_Work item_
Look through the listing below for the line with "A fürdőszobában kád" and the line with "A model in an". Copy both, along with every line between them, exactly and with no pictures.

_Recorded information_
>>>
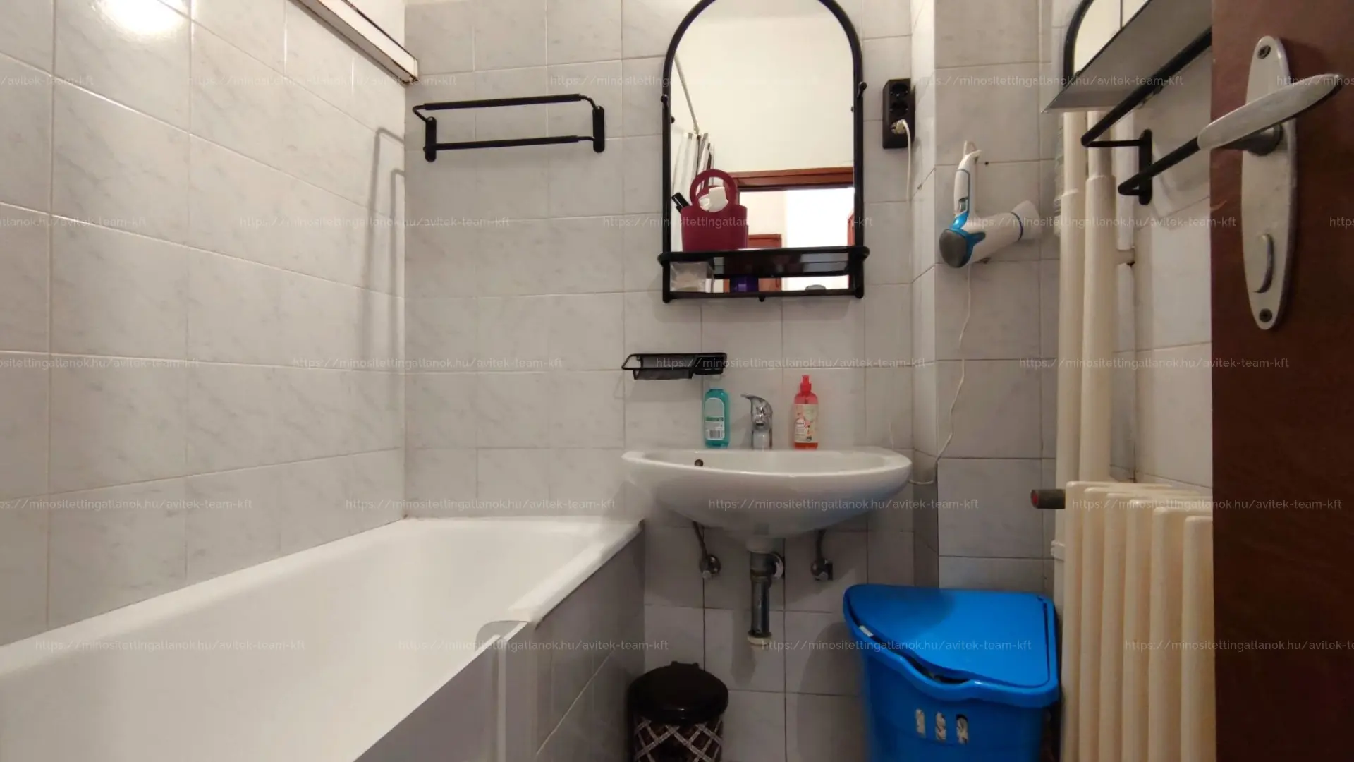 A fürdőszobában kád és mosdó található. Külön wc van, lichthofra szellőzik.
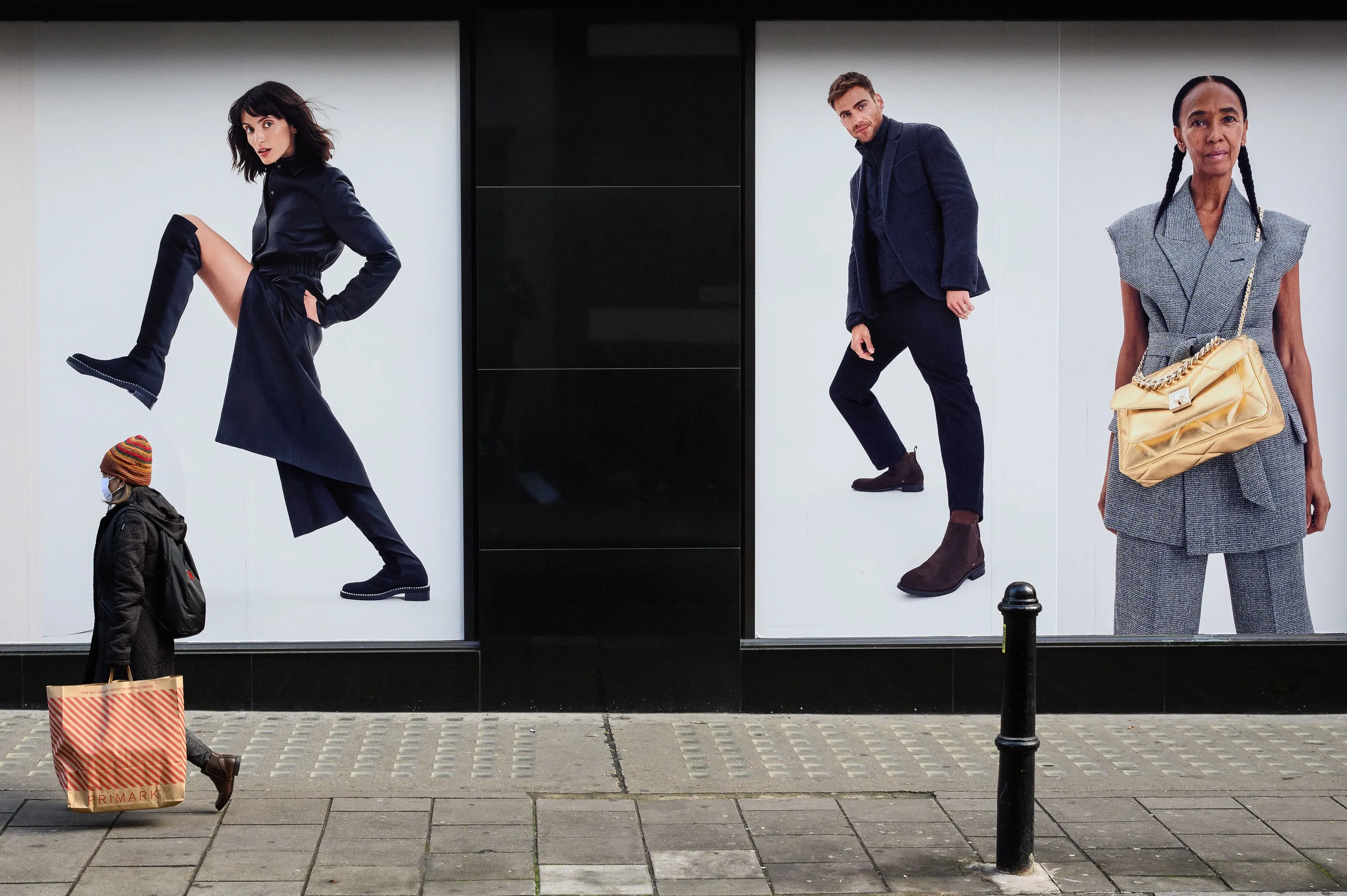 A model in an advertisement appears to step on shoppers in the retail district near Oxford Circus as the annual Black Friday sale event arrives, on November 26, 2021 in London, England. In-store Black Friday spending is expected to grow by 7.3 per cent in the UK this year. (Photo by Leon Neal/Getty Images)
<<<
>>>
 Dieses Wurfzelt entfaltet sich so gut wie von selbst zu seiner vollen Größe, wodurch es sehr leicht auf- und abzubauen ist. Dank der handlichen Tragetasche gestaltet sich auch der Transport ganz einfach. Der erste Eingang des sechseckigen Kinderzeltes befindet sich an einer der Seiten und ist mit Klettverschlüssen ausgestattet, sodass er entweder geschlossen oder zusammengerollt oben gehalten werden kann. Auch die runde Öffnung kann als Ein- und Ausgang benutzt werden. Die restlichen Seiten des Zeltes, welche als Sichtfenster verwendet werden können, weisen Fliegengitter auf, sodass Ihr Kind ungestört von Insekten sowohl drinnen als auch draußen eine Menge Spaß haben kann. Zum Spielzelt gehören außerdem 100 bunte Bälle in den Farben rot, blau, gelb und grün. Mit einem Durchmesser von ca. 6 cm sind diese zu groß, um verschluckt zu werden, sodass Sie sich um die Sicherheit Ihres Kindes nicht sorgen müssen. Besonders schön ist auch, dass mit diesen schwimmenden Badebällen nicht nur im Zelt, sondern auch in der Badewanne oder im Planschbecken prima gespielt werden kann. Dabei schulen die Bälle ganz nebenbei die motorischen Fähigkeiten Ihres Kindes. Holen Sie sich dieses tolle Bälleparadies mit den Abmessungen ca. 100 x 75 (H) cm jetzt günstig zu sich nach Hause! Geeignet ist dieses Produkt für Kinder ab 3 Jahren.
<<<
_Task result_
 A fürdőszobában kád és mosdó található. Külön wc van, lichthofra szellőzik.
 A model in an advertisement appears to step on shoppers in the retail district near Oxford Circus as the annual Black Friday sale event arrives, on November 26, 2021 in London, England. In-store Black Friday spending is expected to grow by 7.3 per cent in the UK this year. (Photo by Leon Neal/Getty Images)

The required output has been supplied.